On top of this growth, management is further driving down costs and intends to consolidate the production of all its offerings at a new site in north-east England later this year. This will provide much-needed extra capacity, and will also deliver substantial savings.
In the near term, while the industry develops, having a UK manufacturing presence should accelerate customer adoption and improve responsiveness. But in the long term, TAN will need to ensure this new factory does not become uncompetitive – particularly compared with possible lower-cost alternatives, such as those from Eastern Europe.
The other crucial objective over the next 12 months will be the board’s successful integration of its recent acquisitions into a single seamless organisation.

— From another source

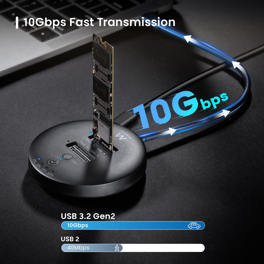 Equipada con dos ranuras NVMe M.2, esta estación permite leer y escribir en ambas unidades de manera simultánea, ofreciendo una gestión eficiente de archivos de gran tamaño. Su diseño optimizado garantiza una transferencia estable y rápida incluso bajo carga intensiva.
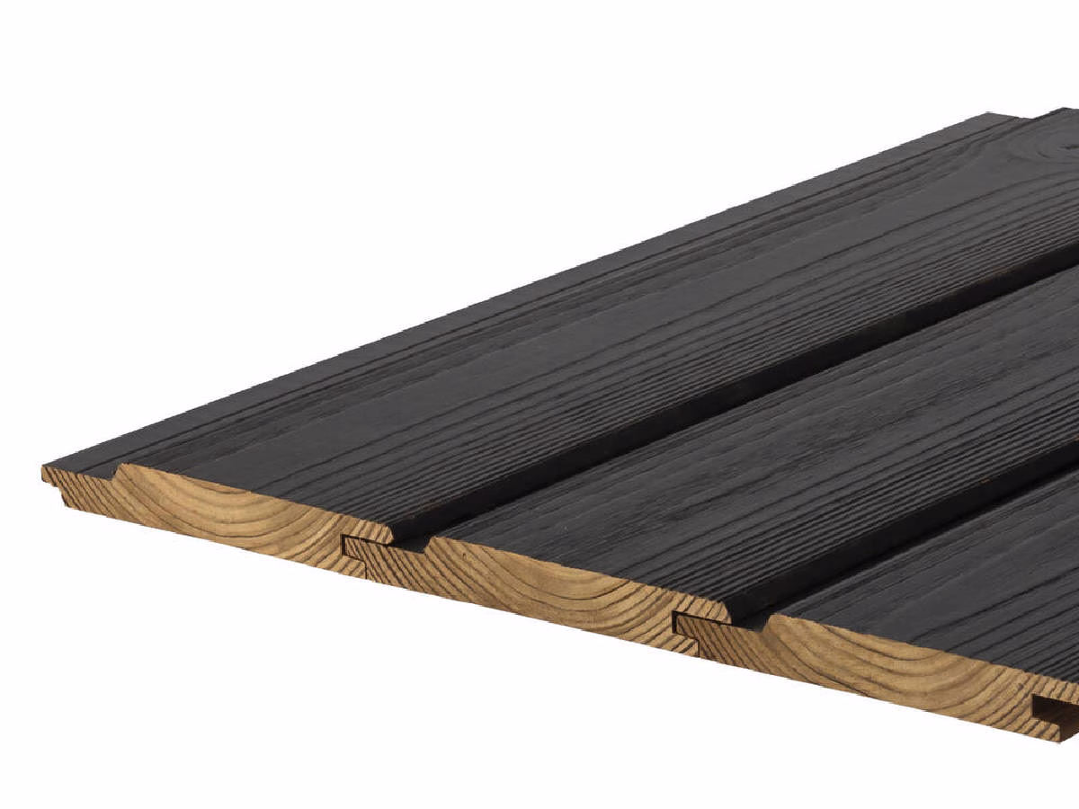 Paneles de madera natural termotradada, con superficie tratada con pintura especial de color negro mate, que proteje a la madera de la humedad, la luz del sol, el polvillo y las rajaduras. El montaje entre paneles es mediante machihembrado, con sistema de clavos ocultos. Con estabilidad dimensional garantizada, son 100% libre de químicos, y aptos para ambientes interiores. Libres de resinas, aún a temperaturas altas. Imáge

Daniel Stewart (DS) forecasts revenue and earnings per share (EPS pre-exceptionals) for 2006 of £42m and 2.5p respectively, rising to £71.7m and 4.0p in 2007. At last week’s trading update, management reiterated this guidance and stated that all of the divisions were performing well. Furthermore, the business is well funded with net cash of approximately £3.5m.
Assuming that these estimates are achieved, then the shares trade on miserly p/e ratios of 9.8 for 2006 and 6.1 for 2007. This seems unduly mean, especially in the light of its attractive opportunities. DS has a price target of 47p.
Recommendation: BUY at 24.5p (market cap £59m).